If you would like to follow Isis, feel free to like her page Hiking Pup Isis


Saturday, November 22, 2014

Liberty and Flume for a Thankful November.

                                   
         I have shown a lot of love to Liberty and Flume this year and November was no different. I remember last year how the entire ridge eluded me for the weather so, I guess I was making up for it. This area can be tricky for sure. Last week, I was on Lafayette and Lincoln so, to finish the ridge for the month seemed appropriate. For those that are new to the blog, let me catch you up. I'm primarily a solo hiker (although open to hiking with others) who is working on her Grid or the New Hampshire 48x12 or completing the New Hampshire 48 in all 12 months of the calendar year. I have given myself a lifetime to complete this latest goal so, I will be hiking for a long time. What ever life may bring, I'll still find my way to the mountains. I'm shooting for the number 576 and as of today, I find myself at 29.9% and will close November for this year probably over 30%. The goal is to keep moving forward as with most of my life.

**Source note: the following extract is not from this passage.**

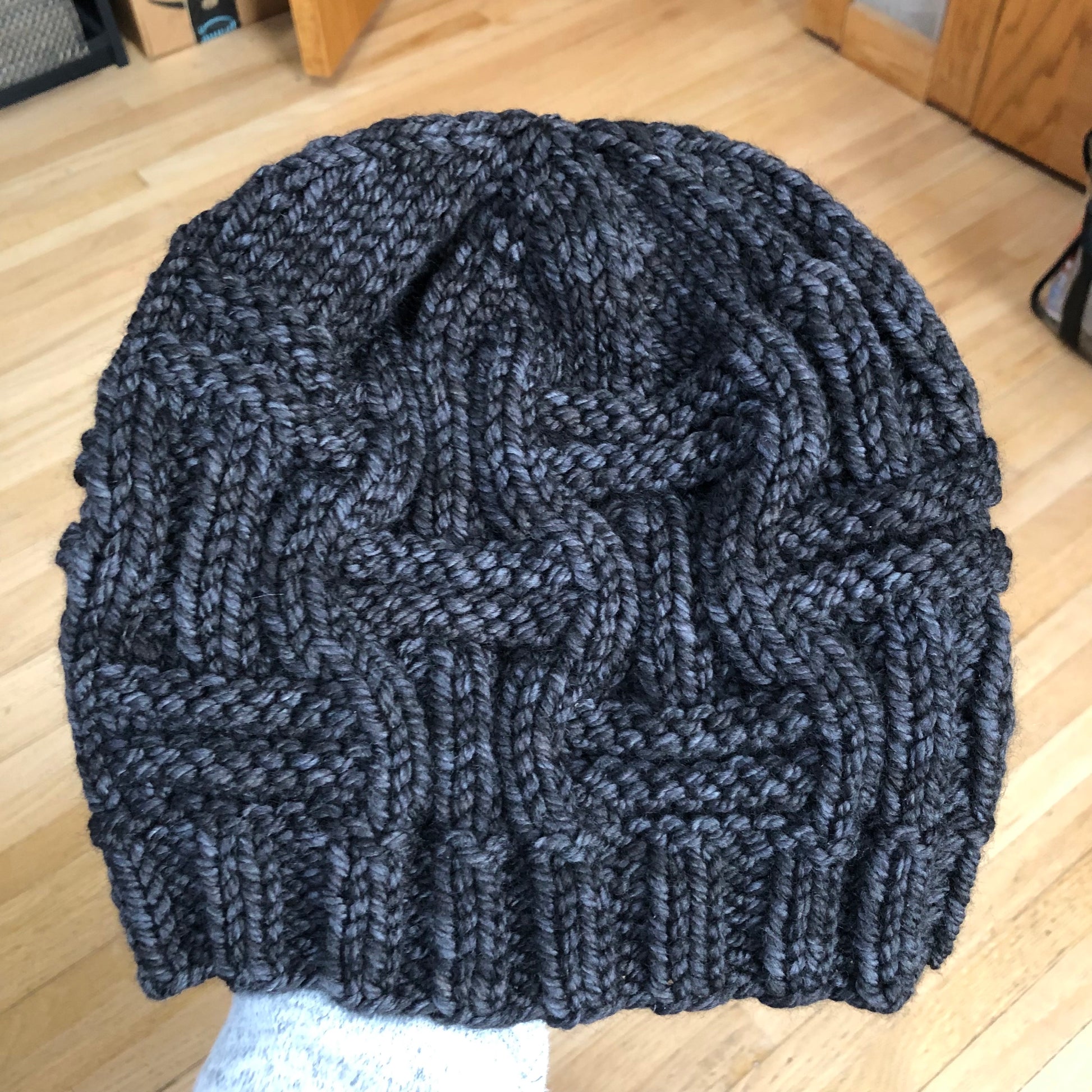 This is a PDF knit pattern for a traditional double basket weave beanie worked from the bottom up and includes instructions for 2 yarn weights (worsted and chunky).
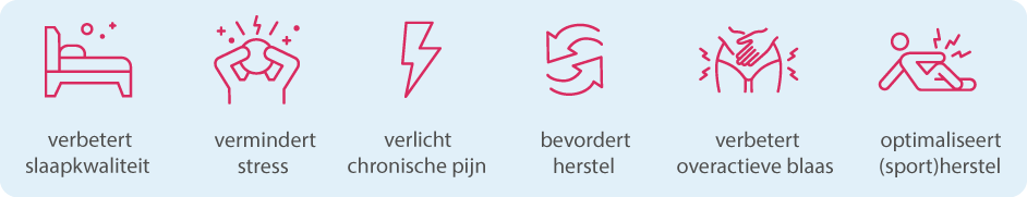 Geschikt voor diverse klachten, waaronder chronische pijn, stress en slaap- en blaasproblemen.

          So, on to todays hike. Liberty and Flume to complete the ridge for November. I was up and ready to hit the road by 4:30am. Snowshoes in the car just in case and spikes on the pack. Isis settled into her seat and I just zoned out. We parked at The Basin in Franconia Notch State Park. First car in the lot and we parked right by the bathrooms. Getting underway, we hiked the bike path towards Liberty Springs. If I could find the Whack for meeting the trail earlier, I'd be ahead of the game. Heading down the hill, I get my first taste of what is under the snow. I'm instantly on my ass and my Nalgene's are flying everywhere. I did not put my spikes on just yet. As I thought, Isis and I did not find the entrance to the Whack so, we were standing at the start of the Liberty Springs Trail. I figured that I would try for it on the way out thinking that someone might travel it today.

       


        Liberty Springs Trail is crusted snow over ice and in places, there is a lot of ice. Welcome to winter (unofficially). After a quick pitstop for myself (I didn't have to go when I parked the car), I put my Hillsound microspikes on my feet. Ready to take on the summits, Isis and I kept moving because it was cold this morning. We followed Liberty Springs and the first .6 to the junction for the Flume Slide Trail, went by in a quick hour. I had a great sense of how my time was going to go today and I was pleased. I knew that I would slow on the vertical gain and I wondered about the winds. Isis and I kept climbing with our next goal of the Liberty Springs Tent site. The water crossings were open with some solid places to walk on so, things are firming up nicely. Intermittently, I break to rest but those breaks are quick because it is very cold today. The snow was building the closer we got to the tent site. On one break, we were passed by two ladies hiking today as well. I was busy eating some cheese and salami and soup (I think it was around 10am. No judging!) and Isis was cleaning her bowl out. I knew that we'd see them again but we did say a hello.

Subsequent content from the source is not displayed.